The destination vector register specified in VLD must be an even register. VLD_DINTRLV loads into an even/odd pair of registers. VLD with any other distribution option loads into one register.There are up to eight VLD instructions in a loop to potentially load up all 16 registers. No register can be the destination of more than one VLD instruction in the same loop.
As EVE is an N-way SIMD machine, loading of N consecutive data points from local memory is supported, with each data point being a byte, short, or long (32-bit) word, either signed or unsigned.
In addition to loading N data points, EVE supports a few other distribution options. EVE supports the following:
For CUST_Pi options, number of bits required to specify the address offset for each way of SIMD depends on N, the number of ways of SIMD. Arbitrary distribution of N data items (each a byte, halfword, or word) is supported. For N = {2 | 4 | 8 | 16}, 4 bits is used to encode each destination. For N = 32, 5 bits is used; and each 16-bit parameter register supplies three fields (leaving 1 bit unused).
The DINTRLV option is supported so software can fully utilize the two function units for simple operation sequences, by processing 2N data points in parallel.
VLD instruction normally loads into one destination vector register. VLD_DINTRLV is the exception in that it loads into a pair of vector registers. Only even registers, V0, V2, ..., V14, can be referenced in the destination register field. In case of VLD_DINTRLV, the referenced register and the next register shall be the destination, for example V0 and V1.
The following data types are supported:
Address offsets for each way of SIMD, as the function of distribution option and data type are shown in Table 8-353 and Figure 8-63, Figure 8-64, and Figure 8-65.

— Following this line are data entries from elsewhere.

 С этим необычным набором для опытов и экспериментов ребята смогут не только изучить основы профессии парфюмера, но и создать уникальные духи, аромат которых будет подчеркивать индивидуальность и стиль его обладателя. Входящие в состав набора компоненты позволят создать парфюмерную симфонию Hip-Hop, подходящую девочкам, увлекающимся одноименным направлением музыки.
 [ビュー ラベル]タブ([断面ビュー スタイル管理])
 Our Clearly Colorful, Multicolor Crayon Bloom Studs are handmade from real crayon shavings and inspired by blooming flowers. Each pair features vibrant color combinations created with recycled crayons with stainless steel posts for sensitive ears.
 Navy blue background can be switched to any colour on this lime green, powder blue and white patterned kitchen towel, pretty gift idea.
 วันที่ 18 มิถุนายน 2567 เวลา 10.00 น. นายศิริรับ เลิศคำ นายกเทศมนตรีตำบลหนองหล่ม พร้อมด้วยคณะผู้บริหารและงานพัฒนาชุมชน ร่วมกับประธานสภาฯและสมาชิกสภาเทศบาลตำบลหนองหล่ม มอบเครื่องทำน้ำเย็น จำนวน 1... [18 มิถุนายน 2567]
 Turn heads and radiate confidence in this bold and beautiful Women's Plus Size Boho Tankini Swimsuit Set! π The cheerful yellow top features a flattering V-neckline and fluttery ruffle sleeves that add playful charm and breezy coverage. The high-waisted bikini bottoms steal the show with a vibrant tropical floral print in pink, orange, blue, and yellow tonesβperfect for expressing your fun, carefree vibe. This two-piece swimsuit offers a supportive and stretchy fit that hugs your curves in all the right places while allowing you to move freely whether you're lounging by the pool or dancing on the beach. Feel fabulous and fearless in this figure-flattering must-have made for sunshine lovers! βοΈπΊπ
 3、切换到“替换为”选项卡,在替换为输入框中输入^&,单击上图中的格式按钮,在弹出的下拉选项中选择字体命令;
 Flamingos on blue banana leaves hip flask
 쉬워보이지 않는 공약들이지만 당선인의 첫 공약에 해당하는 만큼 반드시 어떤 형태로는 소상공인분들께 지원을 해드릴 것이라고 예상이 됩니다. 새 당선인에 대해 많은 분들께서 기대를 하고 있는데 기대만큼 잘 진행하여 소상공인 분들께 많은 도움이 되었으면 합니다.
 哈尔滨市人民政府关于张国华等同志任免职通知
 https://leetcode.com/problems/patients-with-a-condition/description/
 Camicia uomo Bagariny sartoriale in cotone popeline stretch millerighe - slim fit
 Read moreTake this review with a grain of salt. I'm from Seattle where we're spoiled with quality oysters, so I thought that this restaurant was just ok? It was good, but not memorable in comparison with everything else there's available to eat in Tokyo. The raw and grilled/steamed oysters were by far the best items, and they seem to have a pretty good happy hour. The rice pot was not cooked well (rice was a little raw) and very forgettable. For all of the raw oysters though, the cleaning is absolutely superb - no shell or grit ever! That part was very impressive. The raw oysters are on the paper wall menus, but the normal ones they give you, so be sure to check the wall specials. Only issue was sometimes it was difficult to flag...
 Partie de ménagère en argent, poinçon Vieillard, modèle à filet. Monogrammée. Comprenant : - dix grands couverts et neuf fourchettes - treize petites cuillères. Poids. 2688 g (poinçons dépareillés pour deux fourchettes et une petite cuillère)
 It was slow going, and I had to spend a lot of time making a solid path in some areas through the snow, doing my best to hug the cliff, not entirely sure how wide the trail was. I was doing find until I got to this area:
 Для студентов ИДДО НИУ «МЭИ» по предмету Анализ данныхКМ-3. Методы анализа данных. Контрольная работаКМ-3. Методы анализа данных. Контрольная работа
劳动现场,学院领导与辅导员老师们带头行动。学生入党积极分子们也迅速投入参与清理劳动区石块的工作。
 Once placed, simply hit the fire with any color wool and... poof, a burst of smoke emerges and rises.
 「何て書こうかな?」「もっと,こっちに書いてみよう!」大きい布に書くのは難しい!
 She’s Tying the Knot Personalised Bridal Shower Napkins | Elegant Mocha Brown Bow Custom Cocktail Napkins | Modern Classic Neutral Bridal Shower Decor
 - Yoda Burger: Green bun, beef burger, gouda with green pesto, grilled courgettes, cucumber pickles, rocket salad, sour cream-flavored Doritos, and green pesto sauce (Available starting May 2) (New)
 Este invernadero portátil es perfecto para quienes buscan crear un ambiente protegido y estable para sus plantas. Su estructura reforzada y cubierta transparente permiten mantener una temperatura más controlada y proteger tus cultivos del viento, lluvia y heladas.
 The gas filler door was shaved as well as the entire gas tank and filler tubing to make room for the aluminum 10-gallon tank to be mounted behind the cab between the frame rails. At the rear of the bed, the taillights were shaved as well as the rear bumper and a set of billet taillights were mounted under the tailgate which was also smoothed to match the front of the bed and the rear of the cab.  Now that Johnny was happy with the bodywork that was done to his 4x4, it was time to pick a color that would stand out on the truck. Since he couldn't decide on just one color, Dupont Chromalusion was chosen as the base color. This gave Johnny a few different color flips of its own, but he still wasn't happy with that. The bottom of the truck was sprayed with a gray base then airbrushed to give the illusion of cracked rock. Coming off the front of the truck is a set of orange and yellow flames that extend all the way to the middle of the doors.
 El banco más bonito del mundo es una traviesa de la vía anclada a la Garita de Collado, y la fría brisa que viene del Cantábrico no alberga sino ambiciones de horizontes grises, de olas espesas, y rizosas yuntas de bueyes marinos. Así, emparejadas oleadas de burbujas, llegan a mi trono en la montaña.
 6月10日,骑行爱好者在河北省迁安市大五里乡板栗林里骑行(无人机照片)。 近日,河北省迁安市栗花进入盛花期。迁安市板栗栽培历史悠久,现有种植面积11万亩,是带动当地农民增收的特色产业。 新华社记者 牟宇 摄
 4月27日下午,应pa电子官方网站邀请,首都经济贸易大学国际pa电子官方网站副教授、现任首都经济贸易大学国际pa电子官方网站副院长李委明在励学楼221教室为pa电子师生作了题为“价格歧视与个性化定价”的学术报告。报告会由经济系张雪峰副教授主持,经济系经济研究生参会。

Distribution(1)(2) | vreg[r][0] gets | vreg[r][1] gets | vreg[r][2] gets | vreg[r][3] gets | vreg[r][4] gets | vreg[r][5] gets | vreg[r][6] gets | vreg[r][7] gets |
---|---|---|---|---|---|---|---|---|
NPT | data[0] | data[1] | data[2] | data[3] | data[4] | data[5] | data[6] | data[7] |
1PT | data[0] | data[0] | data[0] | data[0] | data[0] | data[0] | data[0] | data[0] |
CIRC2 | data[0] | data[1] | data[0] | data[1] | data[0] | data[1] | data[0] | data[1] |
DS2 | data[0] | data[2] | data[4] | data[6] | data[8] | data[10] | data[12] | data[14] |
US2 | data[0] | data[0] | data[1] | data[1] | data[2] | data[2] | data[3] | data[3] |
DINTRLV | vreg[r][0] = data[0], vreg[r+1][0] = data[1] | vreg[r][1] = data[2], vreg[r+1][1] = data[3] | vreg[r][2] = data[4], vreg[r+1][2] = data[5] | vreg[r][3] = data[6], vreg[r+1][3] = data[7] | vreg[r][4] = data[8], vreg[r+1][4] = data[9] | vreg[r][5] = data[10], vreg[r+1][5] = data[11] | vreg[r][6] = data[12], vreg[r+1][6] = data[13] | vreg[r][7] = data[14], vreg[r+1][7] = data[15] |
CUST_Pi(3) | data[pf[0]] | data[pf[1]] | data[pf[2]] | data[pf[3]] | data[pf[4]] | data[pf[5]] | data[pf[6]] | data[pf[7]] |
Loads are automatically predicated. Loads are always performed at the very first iteration, and then subsequently upon any change in the associated agen address pointer.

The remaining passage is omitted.